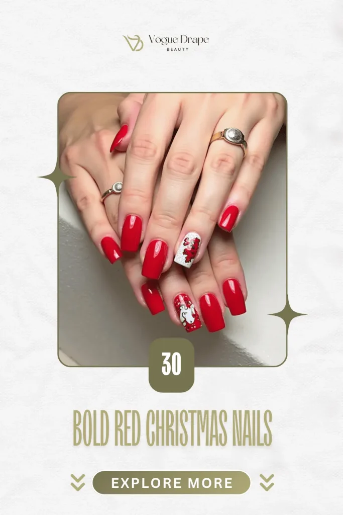 Red is the ultimate color for Christmas, embodying the festive spirit, warmth, and joy of the season. Whether you’re looking to make a bold statement at a holiday party or simply want to add a pop of color to your everyday winter look, these 30 bold red Christmas nails will help you achieve a classic, timeless vibe. From rich crimson hues to shimmering metallics, these red nail designs will make your holiday season even more stylish.
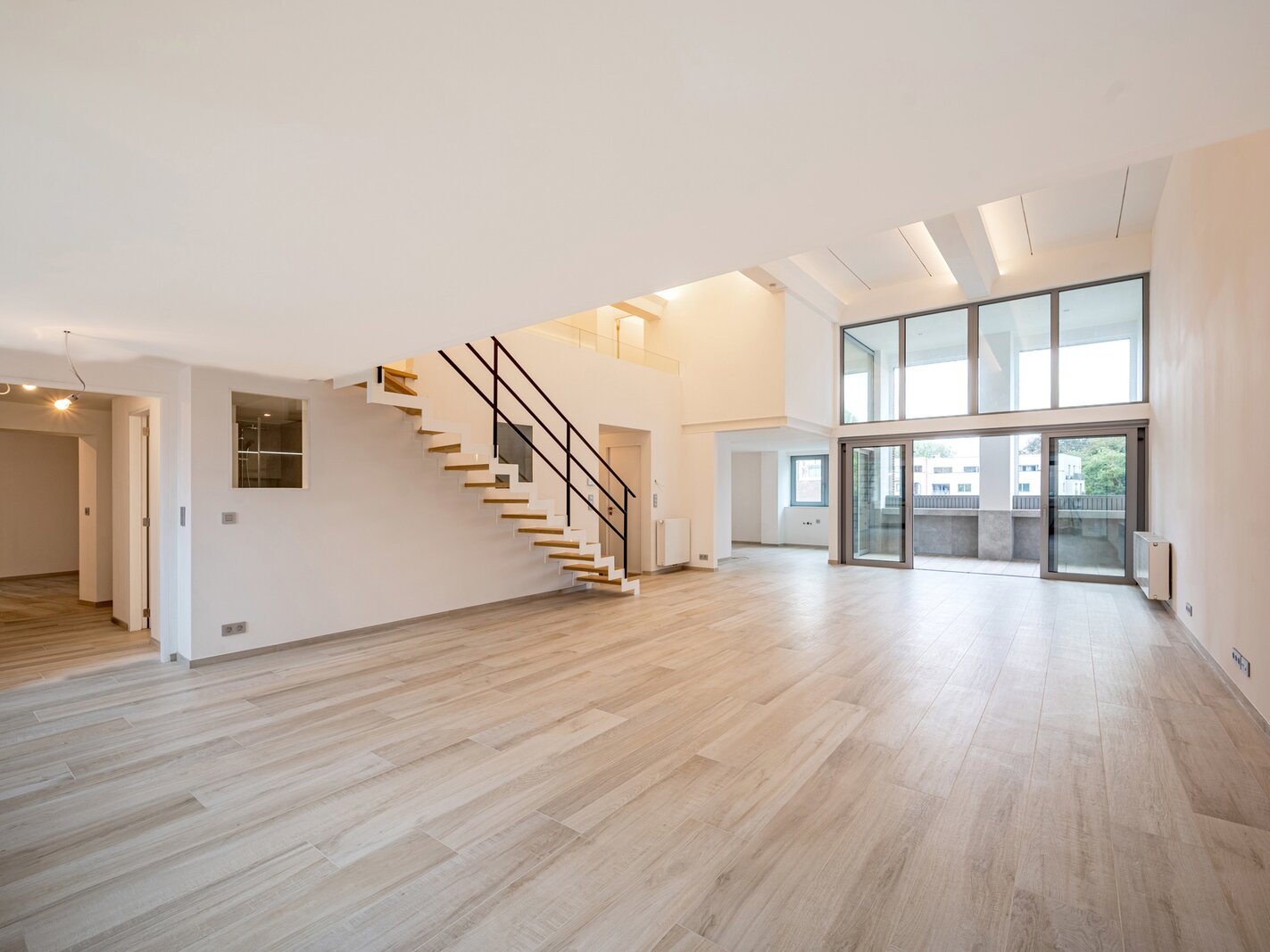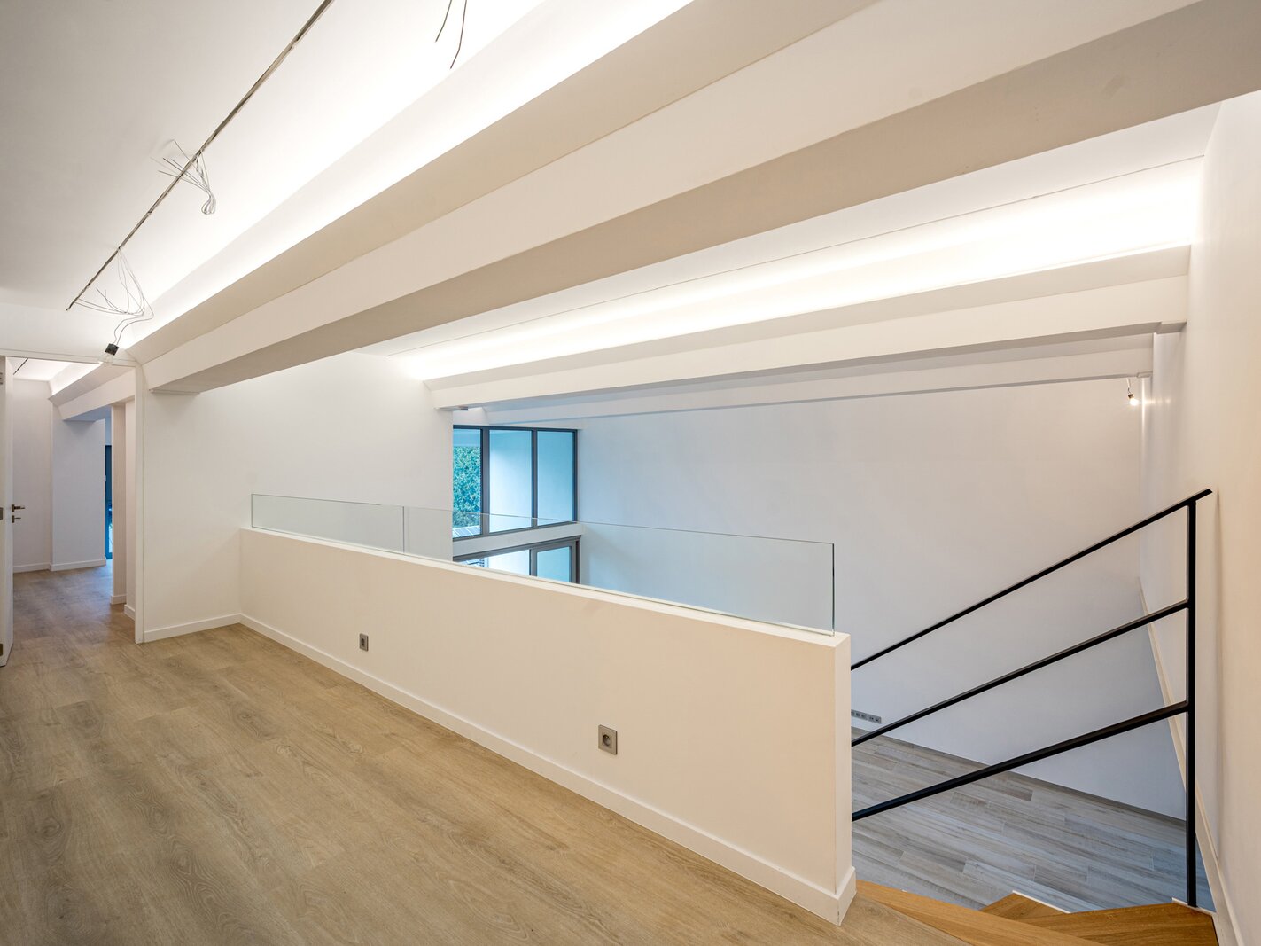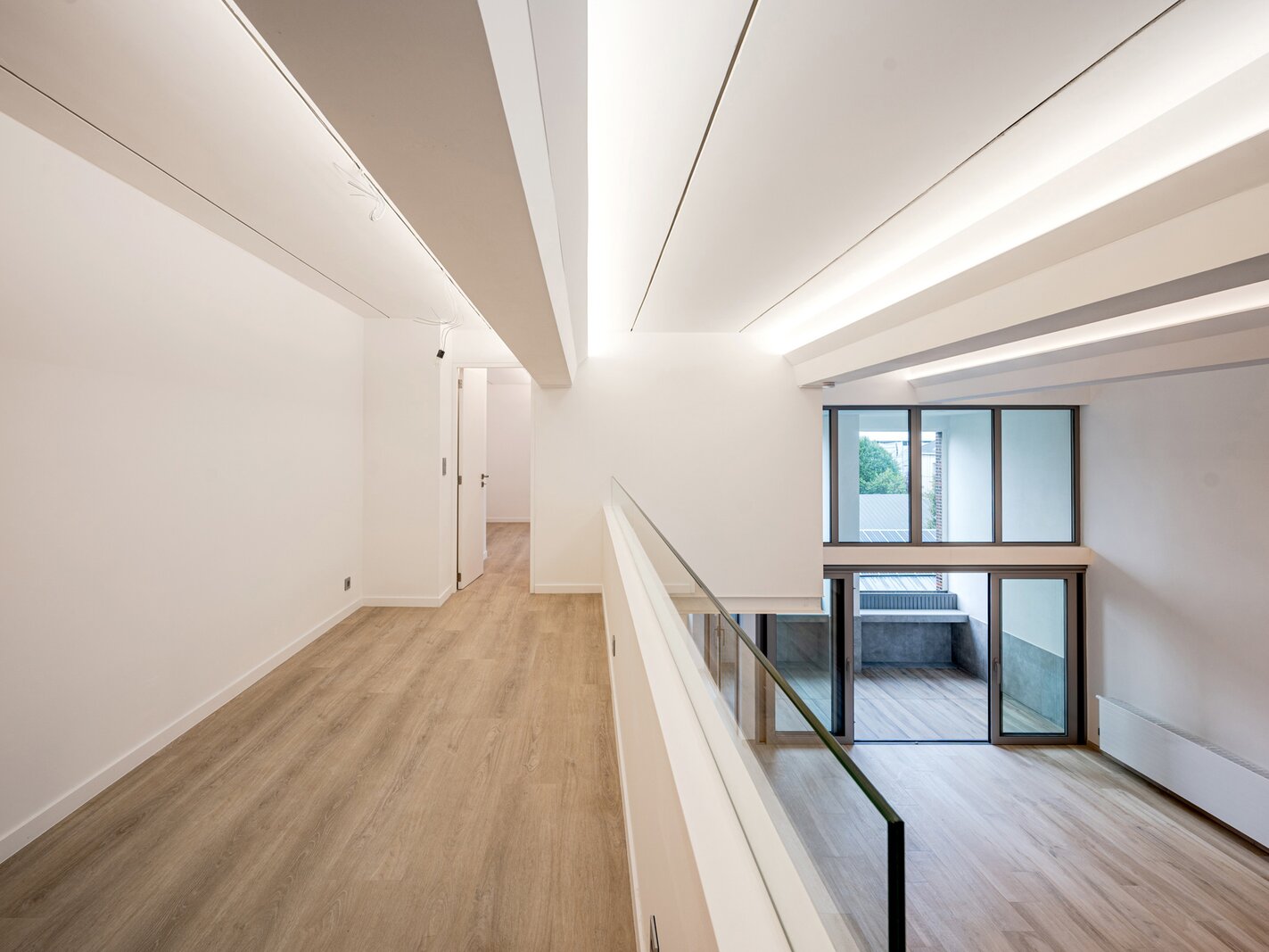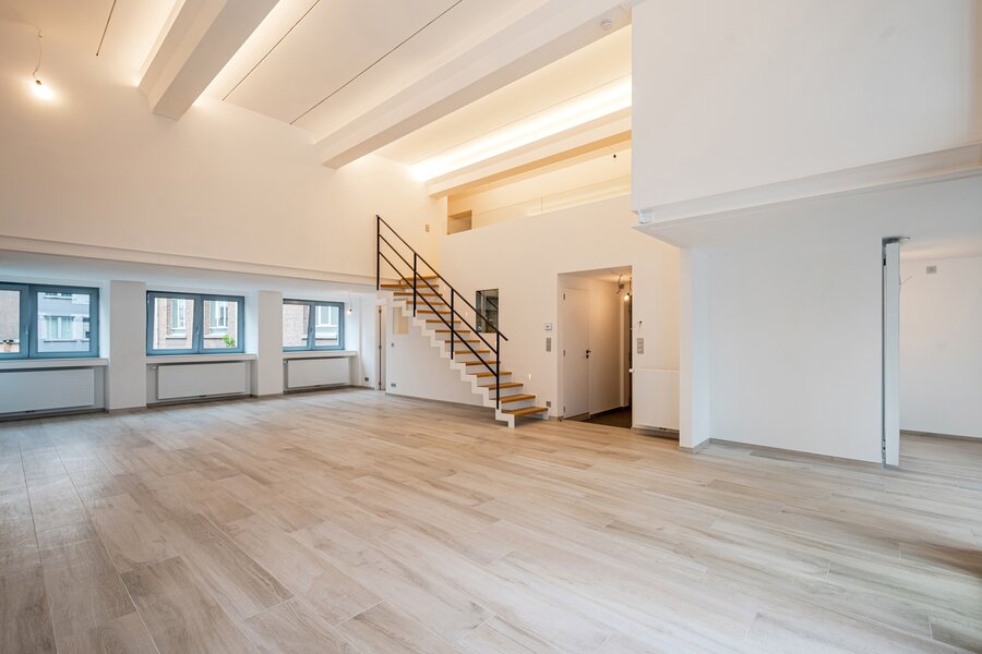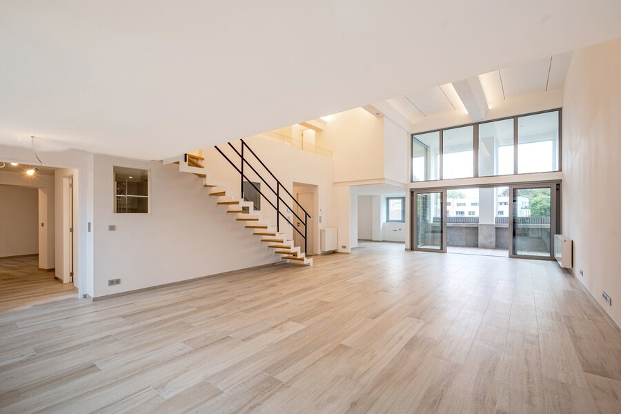 Lot 7 bestaat uit een inkomhal met gastentoilet, vestiaire en technische ruimte, een ruime en lichtrijke open woonkamer van ± 80 m² (gedeeltelijke plafondhoogte van ± 5,5 m), een ruimtekeuken (in te richten), allen uitgevend op een mooi terras van ± 13 m², op het westen, op een eiland, en een en-suite hoofdslaapkamer met kleedkamer en complete badkamer. De privétrap brengt ons naar de bovenverdieping, op een mezzanine-kantooroverloop met 3 slaapkamers met eigen badkamer, elk met een eigen doucheruimte, toilet en wasruimte.
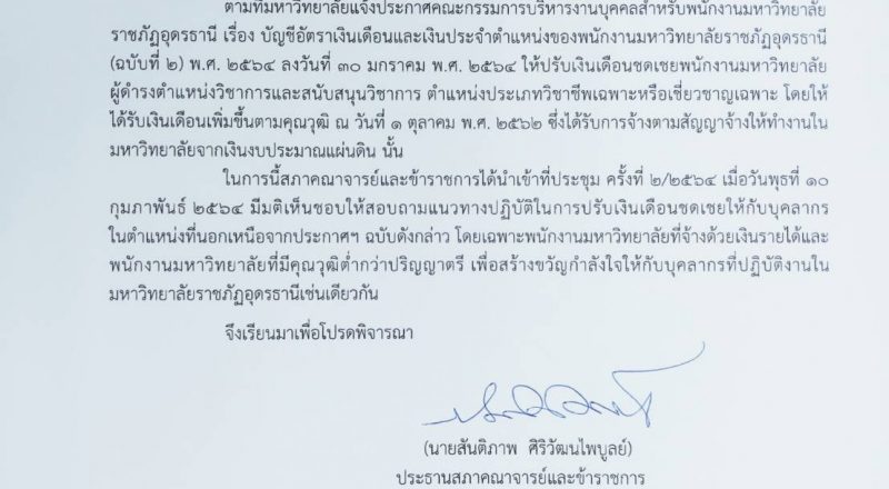 อ่านเพิ่มเติมประธานสภาคณาจารย์ฯ ได้บันทึกถึงประธานคณะกรรมการบริหารงานบุคคลสำหรับพนักงานมหาวิทยาลัยราชภัฏอุดรธานี (ก.บ.ม.)
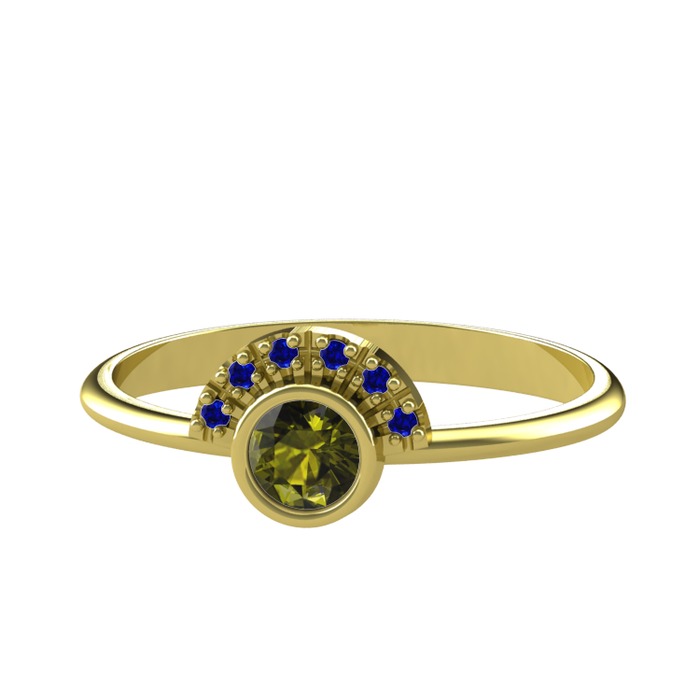 Peridot ve lab safir 925 ayar altın kaplama gümüş yüzük

·····

Print the listing above in full, exactly as written. Omit any pictures.

Task result:
 Red is the ultimate color for Christmas, embodying the festive spirit, warmth, and joy of the season. Whether you’re looking to make a bold statement at a holiday party or simply want to add a pop of color to your everyday winter look, these 30 bold red Christmas nails will help you achieve a classic, timeless vibe. From rich crimson hues to shimmering metallics, these red nail designs will make your holiday season even more stylish.
 Lot 7 bestaat uit een inkomhal met gastentoilet, vestiaire en technische ruimte, een ruime en lichtrijke open woonkamer van ± 80 m² (gedeeltelijke plafondhoogte van ± 5,5 m), een ruimtekeuken (in te richten), allen uitgevend op een mooi terras van ± 13 m², op het westen, op een eiland, en een en-suite hoofdslaapkamer met kleedkamer en complete badkamer. De privétrap brengt ons naar de bovenverdieping, op een mezzanine-kantooroverloop met 3 slaapkamers met eigen badkamer, elk met een eigen doucheruimte, toilet en wasruimte.
 อ่านเพิ่มเติมประธานสภาคณาจารย์ฯ ได้บันทึกถึงประธานคณะกรรมการบริหารงานบุคคลสำหรับพนักงานมหาวิทยาลัยราชภัฏอุดรธานี (ก.บ.ม.)
 Peridot ve lab safir 925 ayar altın kaplama gümüş yüzük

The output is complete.